- **Task statement**: Please retype exactly the lines from the one containing "首先,我们先看看这次测试的具" through the end of the records, leaving out the pictures.

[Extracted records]
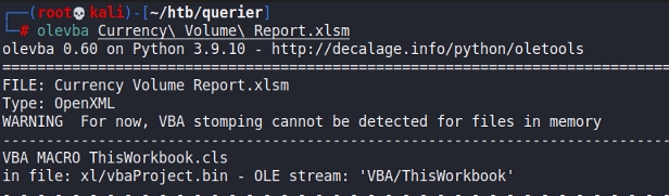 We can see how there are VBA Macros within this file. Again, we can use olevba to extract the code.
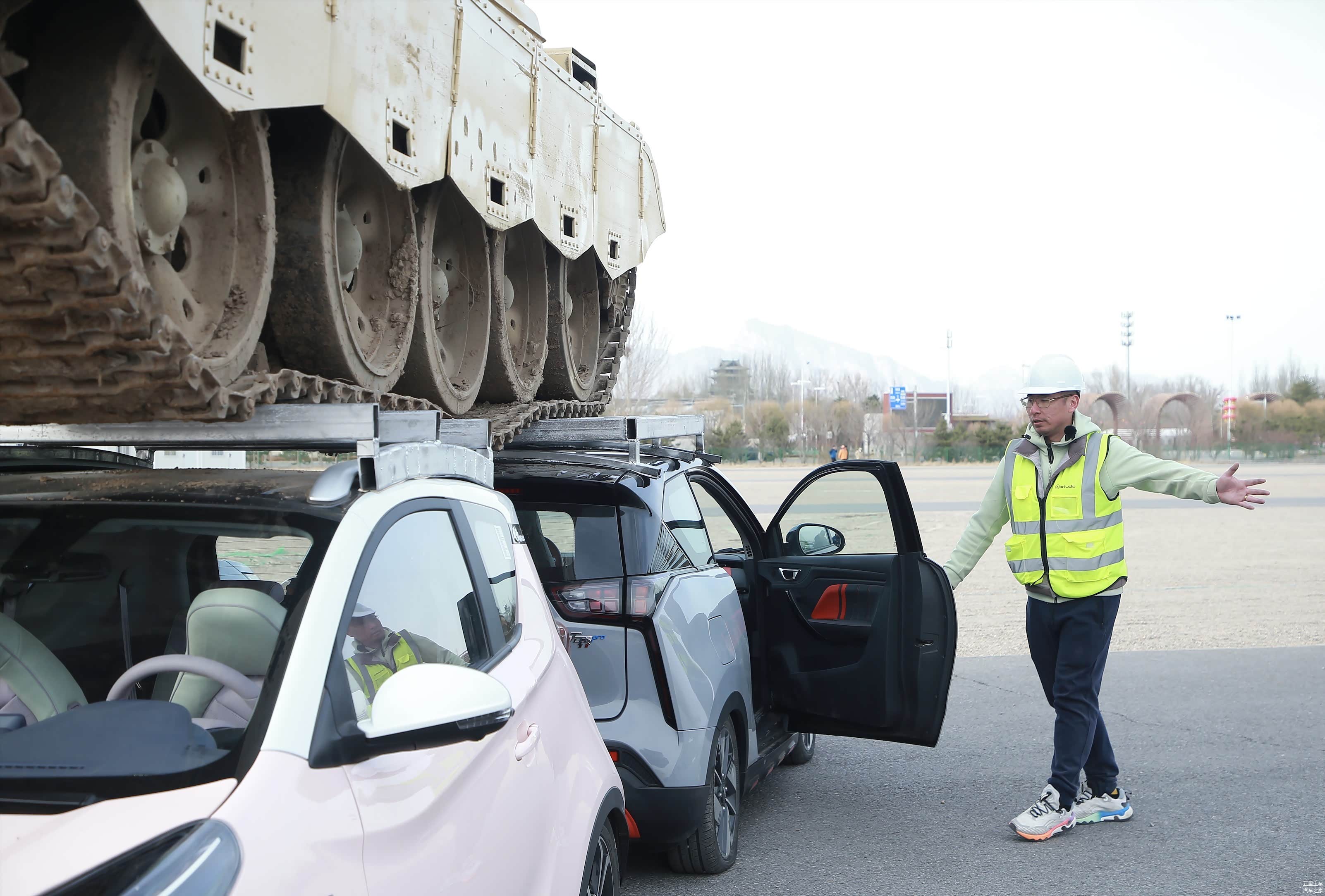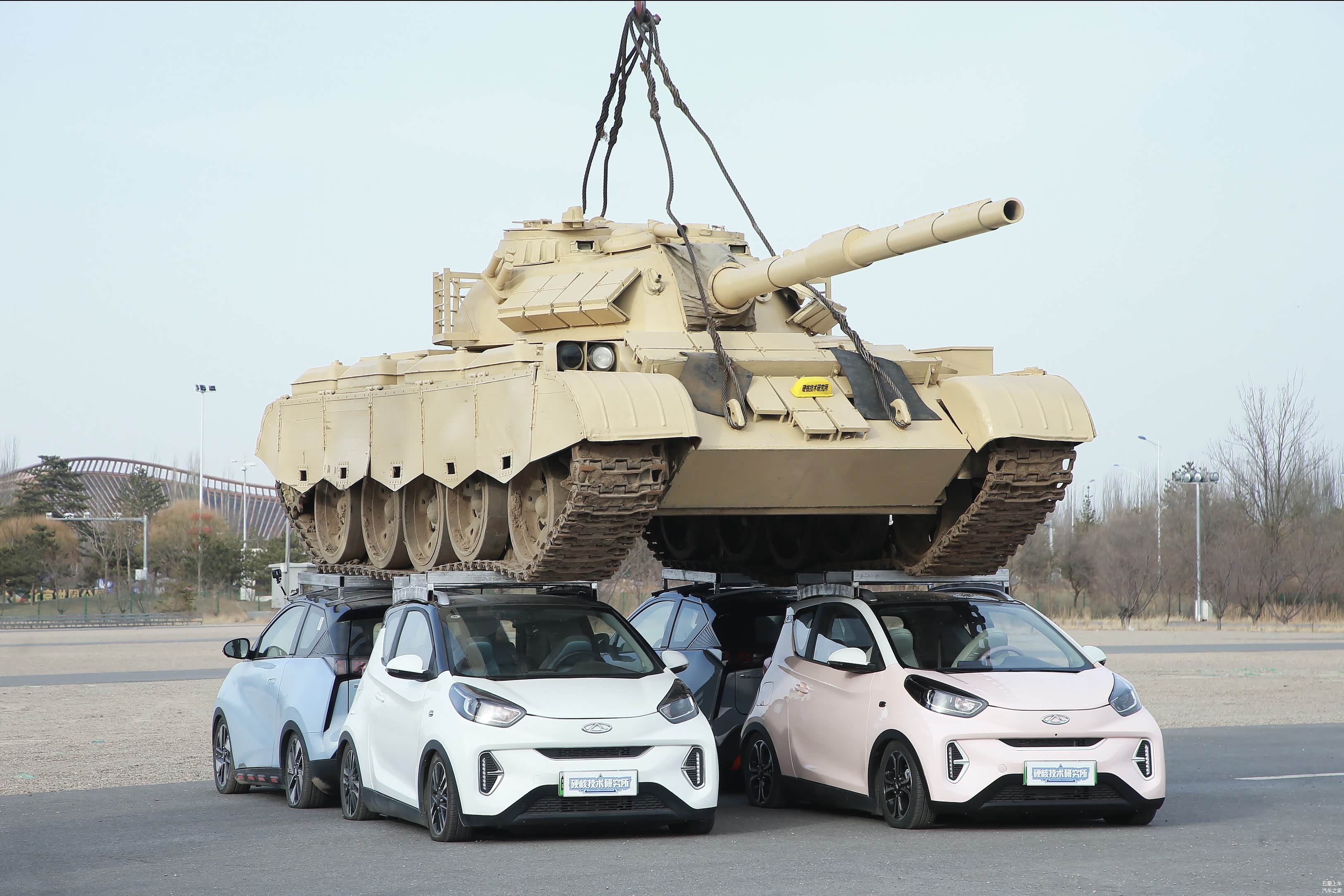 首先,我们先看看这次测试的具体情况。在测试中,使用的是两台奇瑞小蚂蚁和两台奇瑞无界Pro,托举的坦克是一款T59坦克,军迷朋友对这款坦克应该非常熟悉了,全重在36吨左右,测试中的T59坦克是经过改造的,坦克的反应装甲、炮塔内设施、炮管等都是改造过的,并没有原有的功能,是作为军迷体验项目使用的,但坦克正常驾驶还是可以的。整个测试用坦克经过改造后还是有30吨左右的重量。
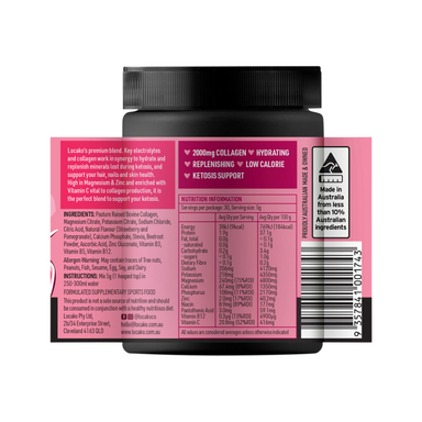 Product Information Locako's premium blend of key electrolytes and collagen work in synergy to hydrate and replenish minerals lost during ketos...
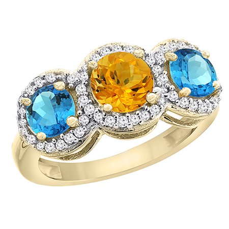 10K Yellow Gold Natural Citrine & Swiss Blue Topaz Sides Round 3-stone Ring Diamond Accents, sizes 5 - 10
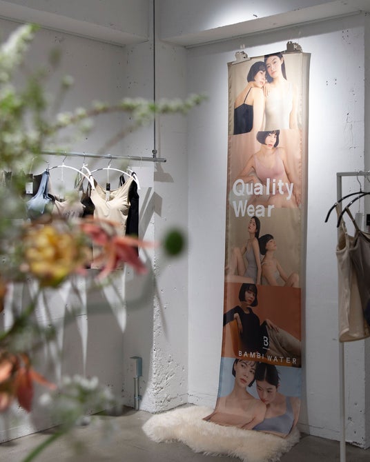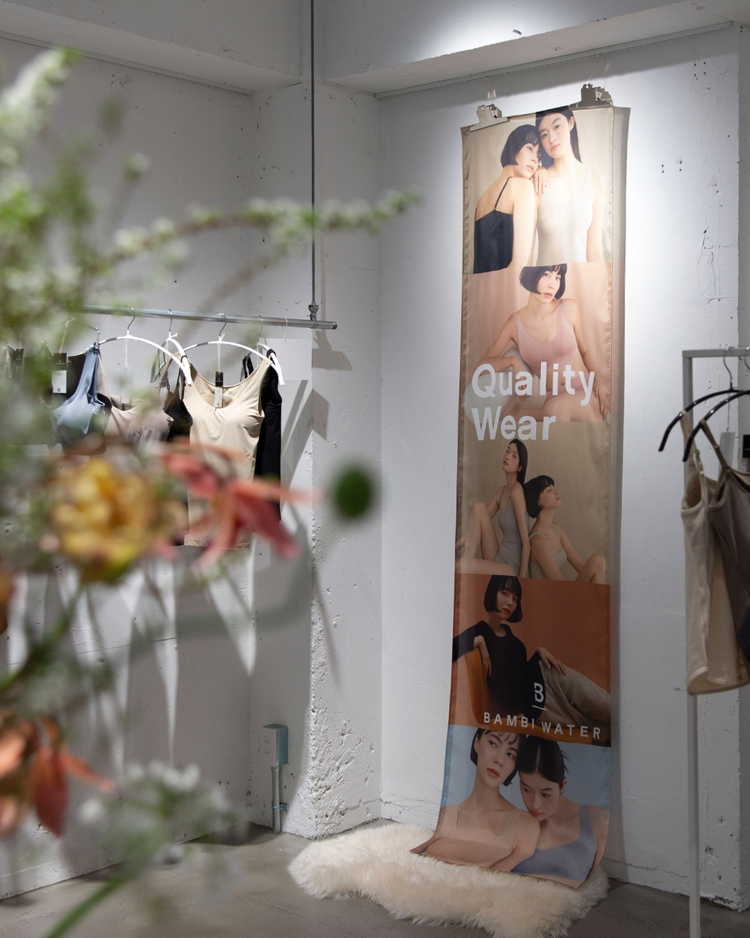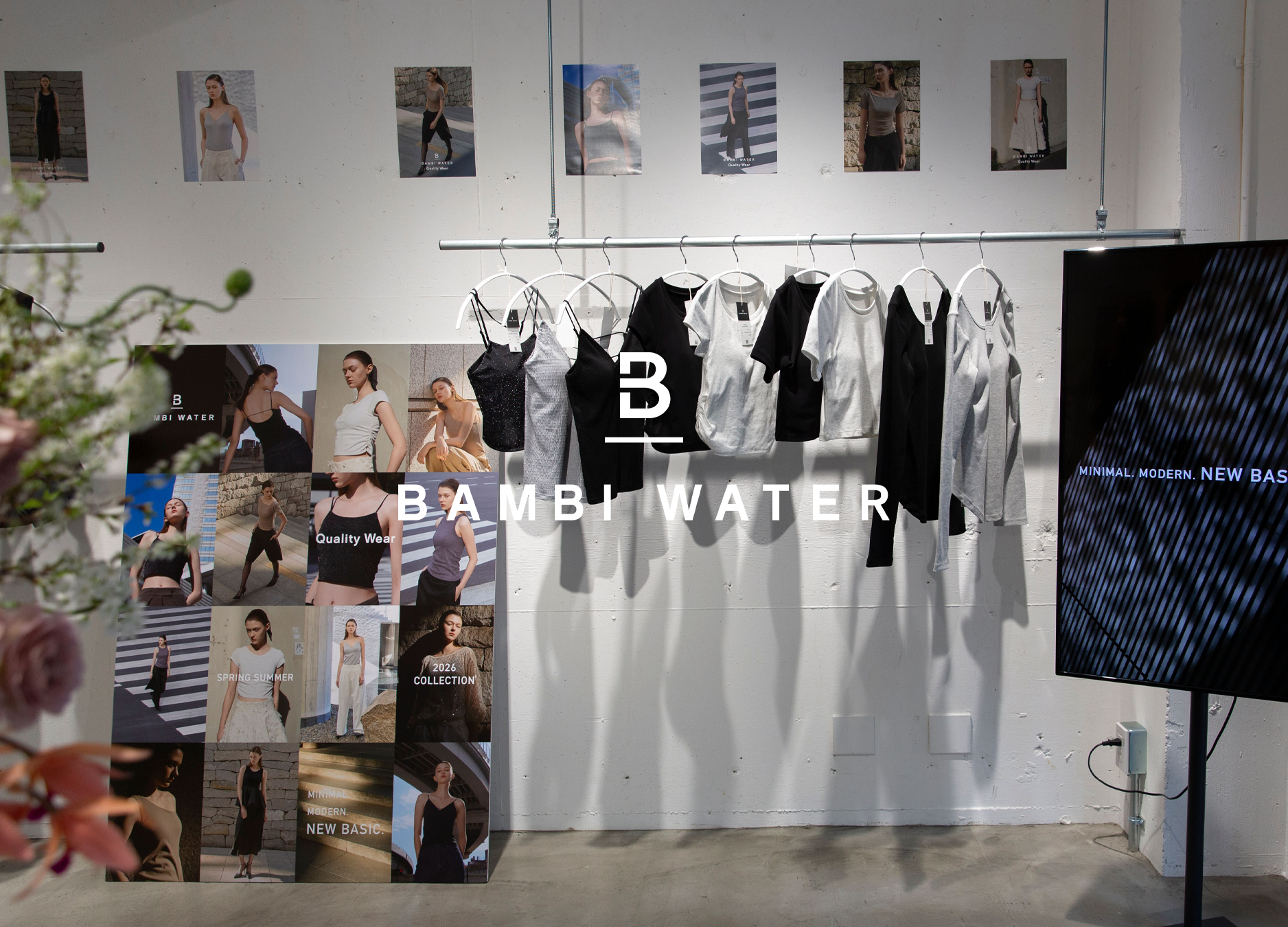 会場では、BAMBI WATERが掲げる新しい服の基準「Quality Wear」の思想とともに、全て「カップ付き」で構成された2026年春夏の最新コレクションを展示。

- **Answer to this problem**:
 首先,我们先看看这次测试的具体情况。在测试中,使用的是两台奇瑞小蚂蚁和两台奇瑞无界Pro,托举的坦克是一款T59坦克,军迷朋友对这款坦克应该非常熟悉了,全重在36吨左右,测试中的T59坦克是经过改造的,坦克的反应装甲、炮塔内设施、炮管等都是改造过的,并没有原有的功能,是作为军迷体验项目使用的,但坦克正常驾驶还是可以的。整个测试用坦克经过改造后还是有30吨左右的重量。
 Product Information Locako's premium blend of key electrolytes and collagen work in synergy to hydrate and replenish minerals lost during ketos...
 10K Yellow Gold Natural Citrine & Swiss Blue Topaz Sides Round 3-stone Ring Diamond Accents, sizes 5 - 10
 会場では、BAMBI WATERが掲げる新しい服の基準「Quality Wear」の思想とともに、全て「カップ付き」で構成された2026年春夏の最新コレクションを展示。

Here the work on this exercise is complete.